* _DESCRIPTION OF THE TASK_
Without the pictures, retype exactly the lines from the top of the entries below through the line that contains "圖為三板溪庫區柳川碼頭整裝待發的高速客船".

* _PROVIDED INFORMATION_
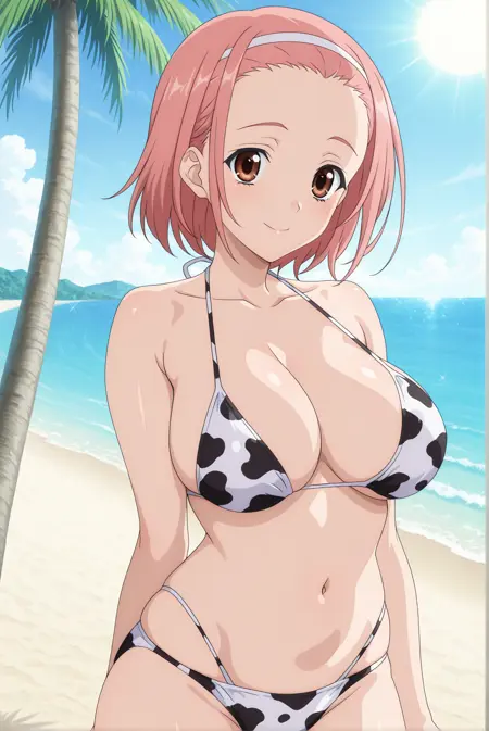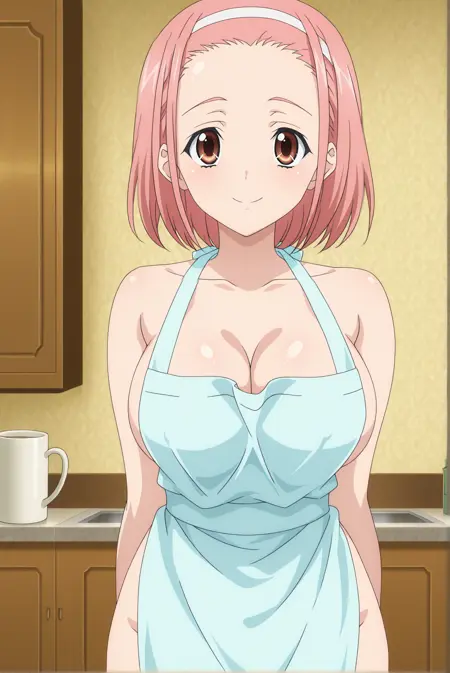 katase-dxd, 1girl, short hair, pink hair, hairband, brown eyes, warm chestnut brown eyes
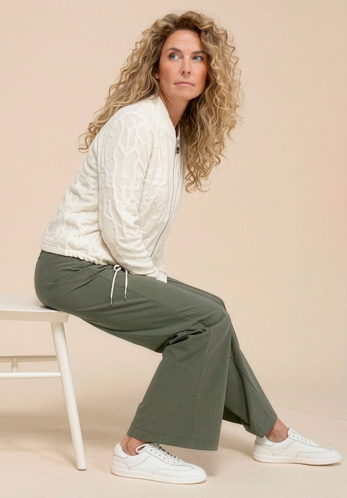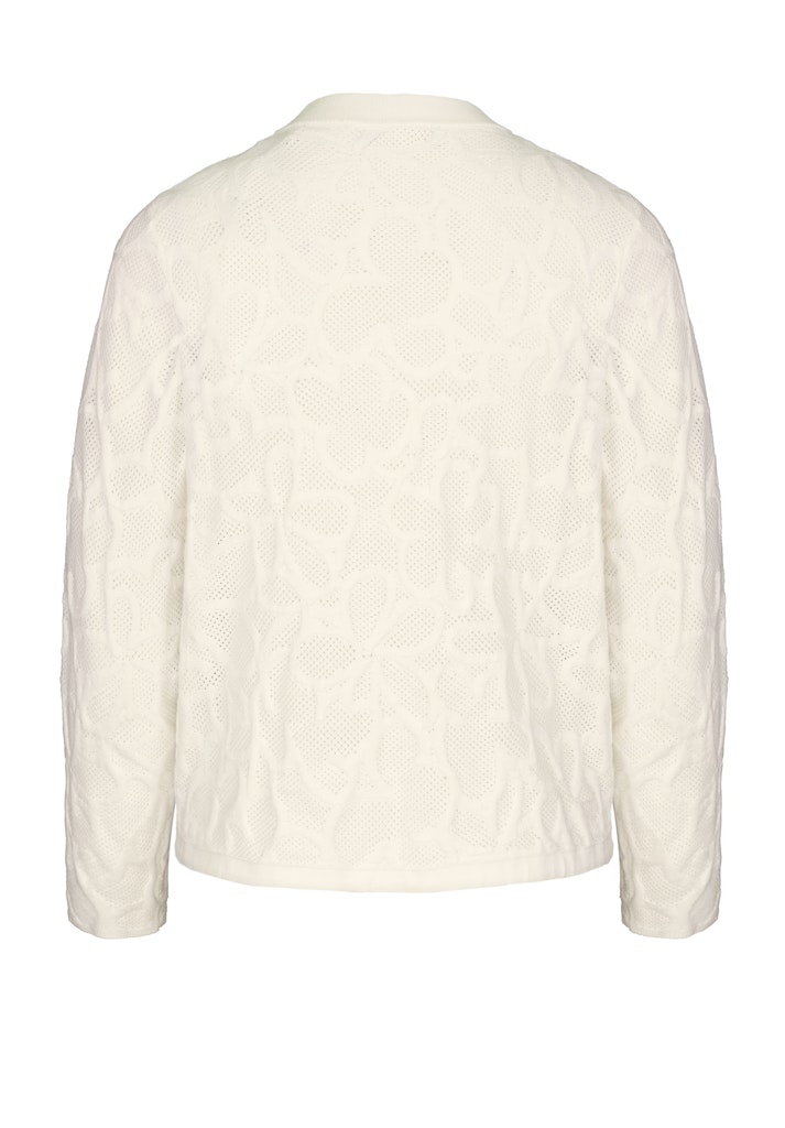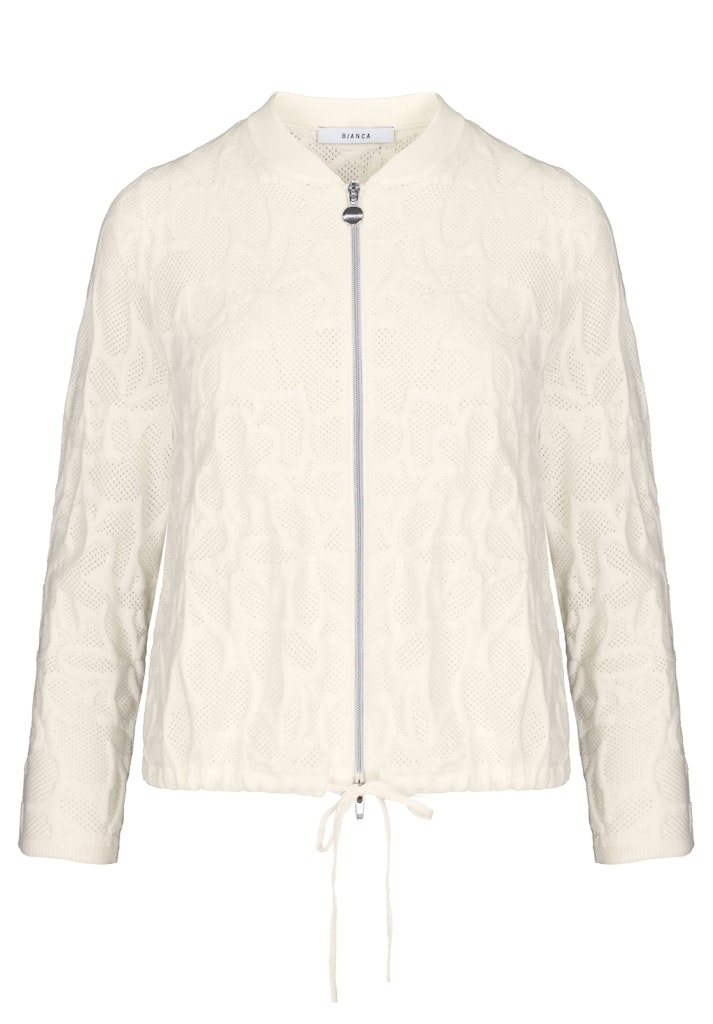 Bianca Jasje in de Kleur Ecru met staande hals, ritssluiting, koordje onderin, lange mouwen en geheel in een kantpatroon.
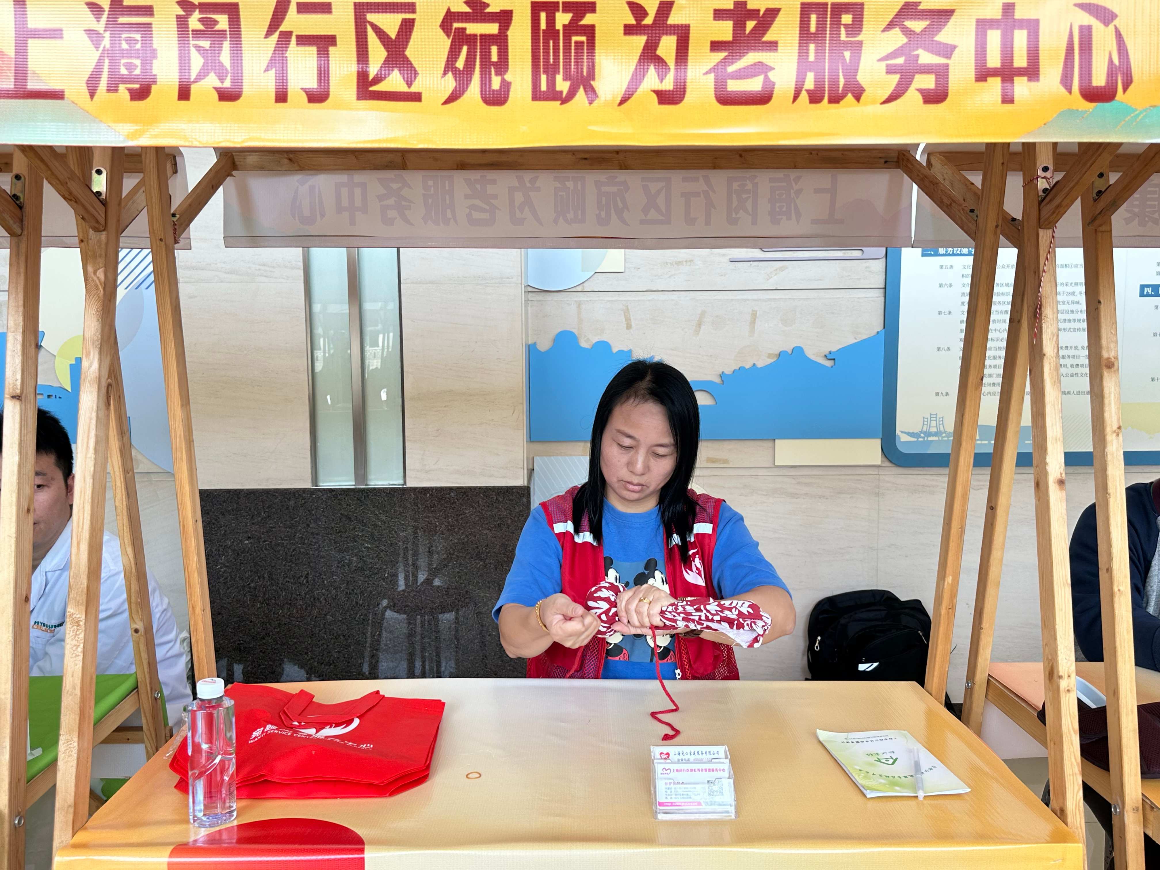 昨天下午,在位于七宝文体中心的一场“银龄新主场 岁月正青春”闵行区重阳节主题活动上,上海市劳动模范、上海宛心家庭服务有限公司客户经理张会兰出现在活动现场,她作为现场志愿者的一员,在为老服务咨询专区为前来参加活动的老人提供关于长护险等方面的咨询服务。
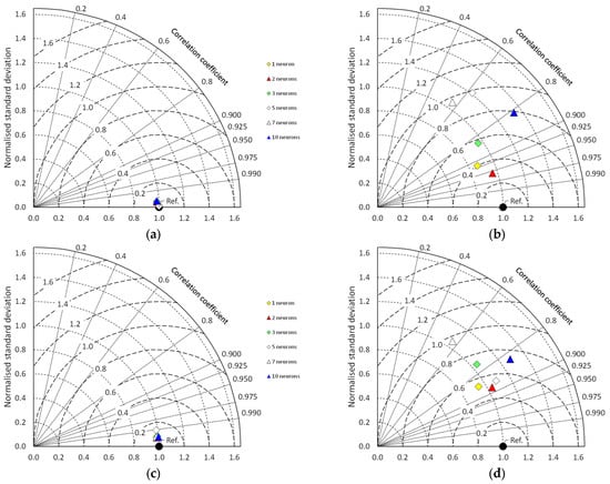 Taylor diagrams have been recommended for visualising results in model analyses [52]. In this article, this type of chart is used as an alternative to the usual scatterplots, because it provides a concise statistical summary of how well patterns match each other in terms of their correlation, their root-mean-square difference, and the ratio of their variances. The Taylor diagram is based on the definition of the centred pattern RMS difference [52], which is related to key statistical indicators by means of the following equations:
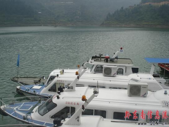 圖為三板溪庫區柳川碼頭整裝待發的高速客船
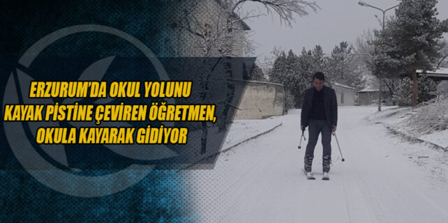 Erzurum’un Uzundere ilçesi kar yağışının etkisiyle beyaz örtüyle kaplandı. Ender kar yağışının olduğu ilçede bulunan Şelale İlkokulu’nun Müdür Yardımcısı İbrahim Turan, kar yağışını fırsat bilerek okul yolunu adeta kayak pistine çevirdi. Ulaşım aracı olarak kayak takımlarını kullanan Turan, okula mahalledeki yollardan kayarak gidiyor. Turan’ın kayak yaptığı görüntüleri ise sosyal medyada izleyenleri gülümsetti.
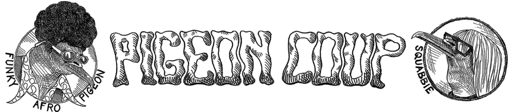 Welcome to Pigeon Coup, a comic which follows the exploits of a bunch of well meaning pigeons who hang out in the underground electronica scene and intend to change the world using spleefs as their primary weapons. It stars:
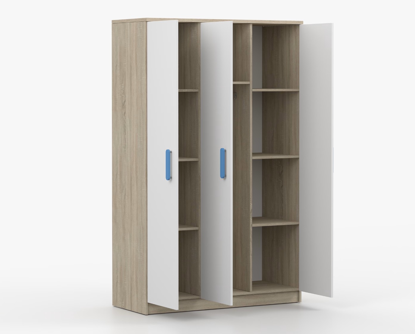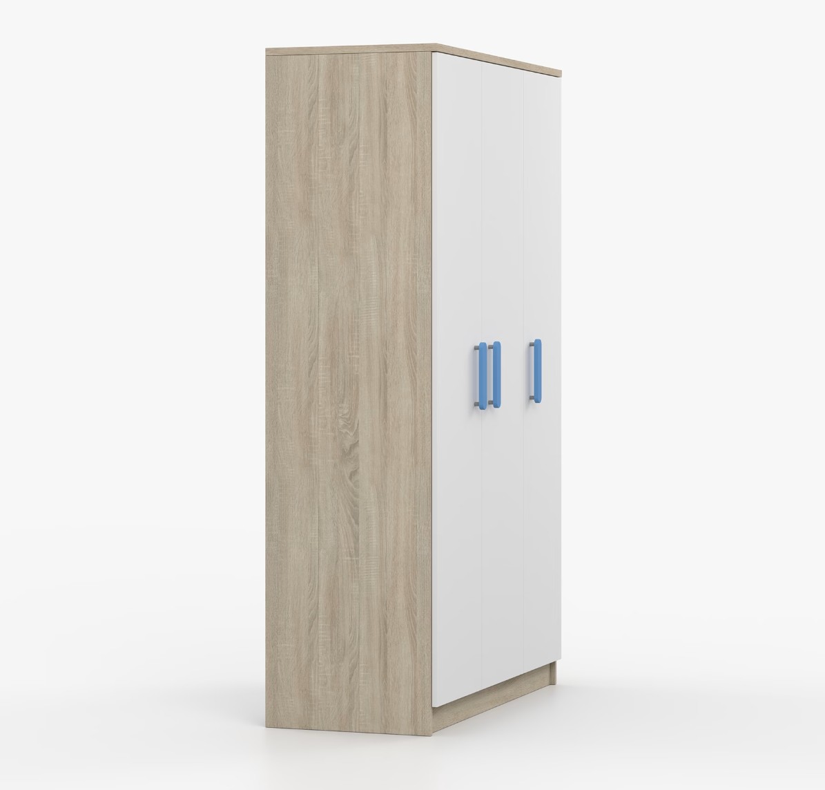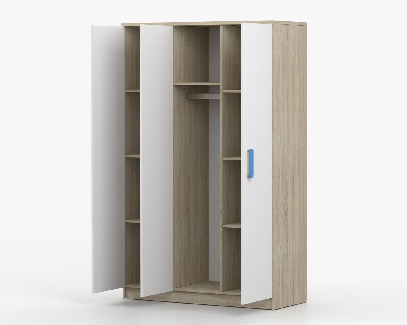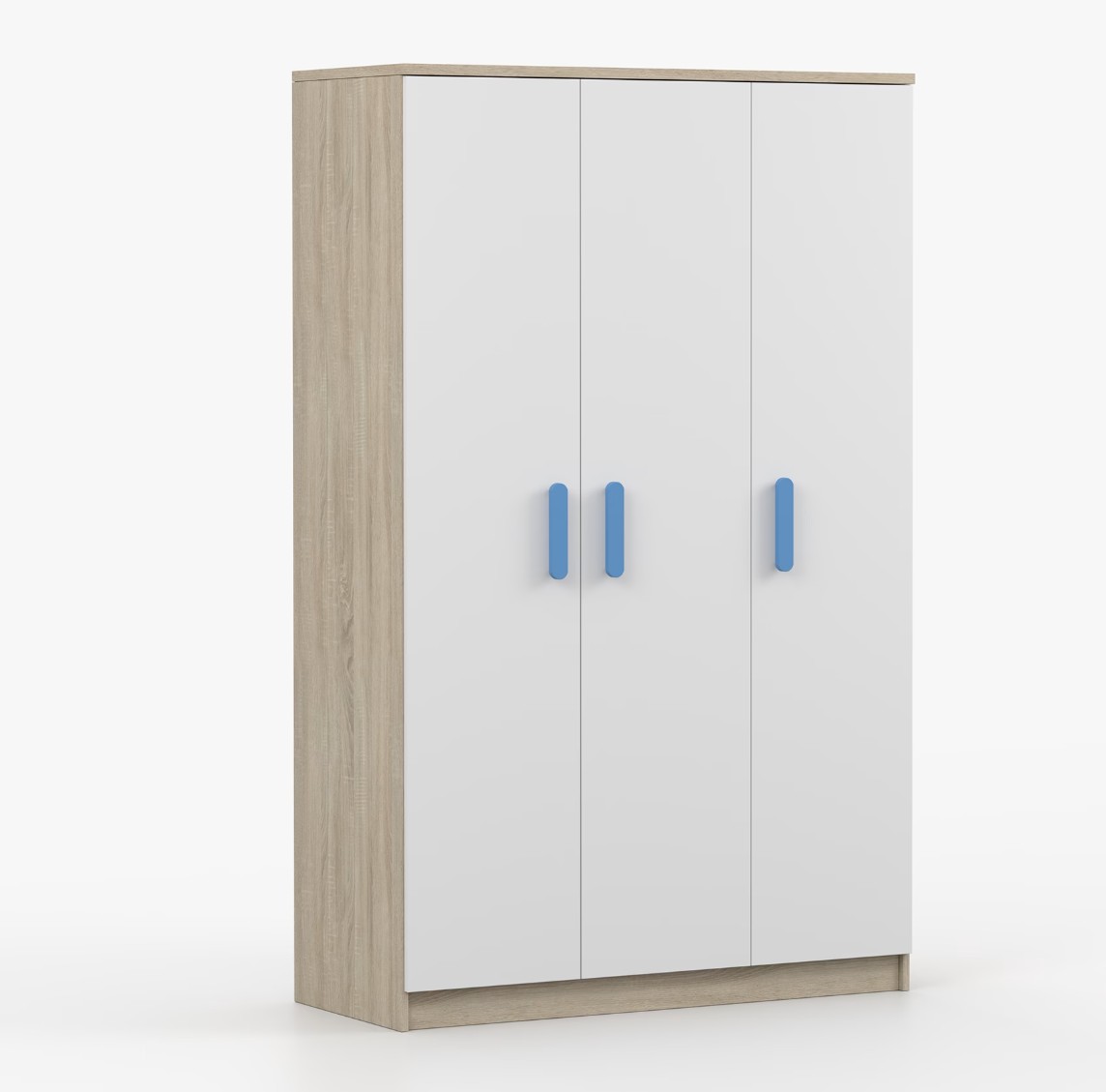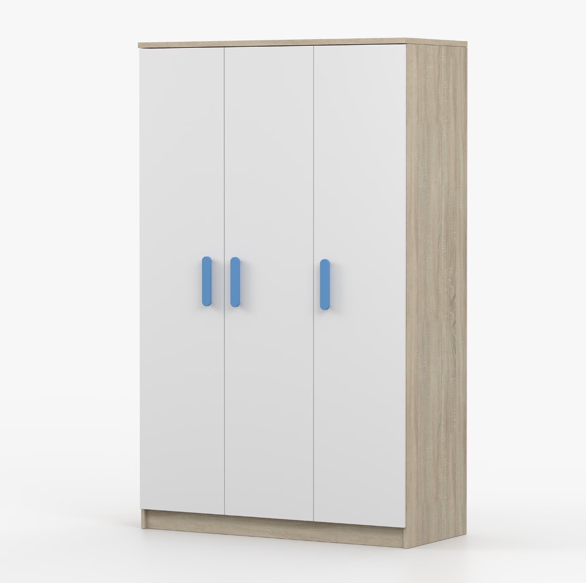 Třídveřová šatní skříň SCOUT se vyznačuje praktickým úložným prostorem a velkou kapacitou. S jednoduchým a moderním designem se skříň SCOUT hodí do každého typu domácnosti - ať už jde o dětský pokoj nebo studentův byt. Skříň je vyrobena z kvalitní laminované desky o tloušťce 16 mm s odolnými ABS hranami, které ji chrání před mechanickým poškozením. Šatní skříň poskytuje velký úložný prostor s dostatečným množstvím polic i místo na pověšení oblečení. Dveře jsou opatřené dřevěnými barevnými úchytkami a otevírají se tradičním způsobem.

* _EXERCISE SOLUTION_
 katase-dxd, 1girl, short hair, pink hair, hairband, brown eyes, warm chestnut brown eyes
 Bianca Jasje in de Kleur Ecru met staande hals, ritssluiting, koordje onderin, lange mouwen en geheel in een kantpatroon.
 昨天下午,在位于七宝文体中心的一场“银龄新主场 岁月正青春”闵行区重阳节主题活动上,上海市劳动模范、上海宛心家庭服务有限公司客户经理张会兰出现在活动现场,她作为现场志愿者的一员,在为老服务咨询专区为前来参加活动的老人提供关于长护险等方面的咨询服务。
 Taylor diagrams have been recommended for visualising results in model analyses [52]. In this article, this type of chart is used as an alternative to the usual scatterplots, because it provides a concise statistical summary of how well patterns match each other in terms of their correlation, their root-mean-square difference, and the ratio of their variances. The Taylor diagram is based on the definition of the centred pattern RMS difference [52], which is related to key statistical indicators by means of the following equations:
 圖為三板溪庫區柳川碼頭整裝待發的高速客船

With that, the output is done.